2015 GSA Annual Meeting in Baltimore, Maryland, USA (1-4 November 2015)

Paper No. 291-17
Presentation Time: 9:00 AM-6:30 PM

SEDIMENTOLOGICAL AND GEOMORPHOLOGICAL INVESTIGATION OF VOIDS IN THE MT. BALDY DUNE OF THE INDIANA DUNES NATIONAL LAKESHORE


MONAGHAN, G. William1, ARGYILAN, Erin P.2, THOMPSON, Todd A.3 and RUSSELL, Kevin P.3, (1)Indiana Gelogical Survey, Indiana University, 611 N. Walnut Grove Ave, Bloomington, IN 47405, (2)Dept. of Geosciences, Indiana University Northwest, 3400 W. Broadway, Gary, IN 46408, (3)Indiana Geological Survey, Indiana University, 611 North Walnut Grove, Bloomington, IN 47405-2208, gmonagha@indiana.edu

Mt. Baldy, in the eastern part of the Indiana Dunes National Lakeshore, is the largest active dune along the southern Lake Michigan shoreline and is the most popular attraction in the park. In July 2013, a 6-year-old boy was trapped 3 m or more below surface in a hole within the dune. Because neither the formation processes nor the extent and significance of the hazard represented by this hole were known, Mt. Baldy was closed to foot traffic and remains so today. Similar holes have been discovered since 2013. To understand the development of the voids, we undertook a study of the architecture of the dune using ground-penetrating radar (GPR) and solid-earth (GeoProbe) cores. Three ~250-m and 33 80-m transects oriented north-northwest to south-southeast, respectively, were established perpendicular to the shoreline and longitudinal to the direction of sediment transport of the dune. Elevation-corrected, multispectral GPR (50, 100, 250 MHz) was selectively collected along these transects. Additionally, 24 GeoProbe cores up to 24 m deep were collected across the Mt. Baldy landscape, particularly along some of the GPR transects. Five light-shielded core samples obtained at select intervals and locales in the subsurface provided optically stimulated luminescence dating; organic samples retrieved from several other cores yielded radiocarbon dates.

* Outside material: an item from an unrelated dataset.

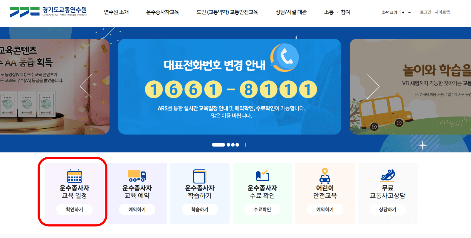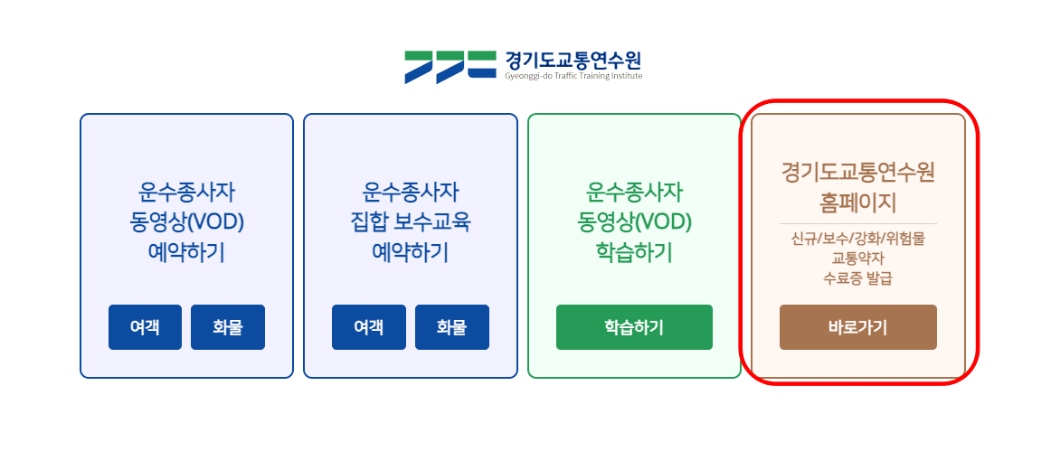 먼저 경기도 교통연수원 홈페이지에서 온라인 신규 또는 보수 교육을 예약하시려면 아래의 링크를 통해 이동하시기 바랍니다.

We used the data from the cores and GPR transects to define four major stratigraphic horizons. These include an upper and lower dune that were separated by a time-transgressive paleosol developed on the lower dune. The upper dune formed during the 20th century and corresponds to present-day Mt. Baldy; the lower dune formed at 3-4 ka, after ancestral Lake Michigan fell from the peak mid-Holocene (Nipissing phase) water level. The dunes are underlain by basal back-barrier lacustrine and wetland deposits that accumulated during the rise to the peak Nipissing. This study shows that the voids that closed Mt. Baldy occur on the stoss side of Mt. Baldy, where trees that were rooted into the paleosol and buried during the landward migration of the dune in the early 20th century are now being unearthed as the dune continues to migrate. At this locale, some of the trees decay in place, producing voids of widely varying size, depth, and orientation related to the positon of the buried tree trunks and limbs.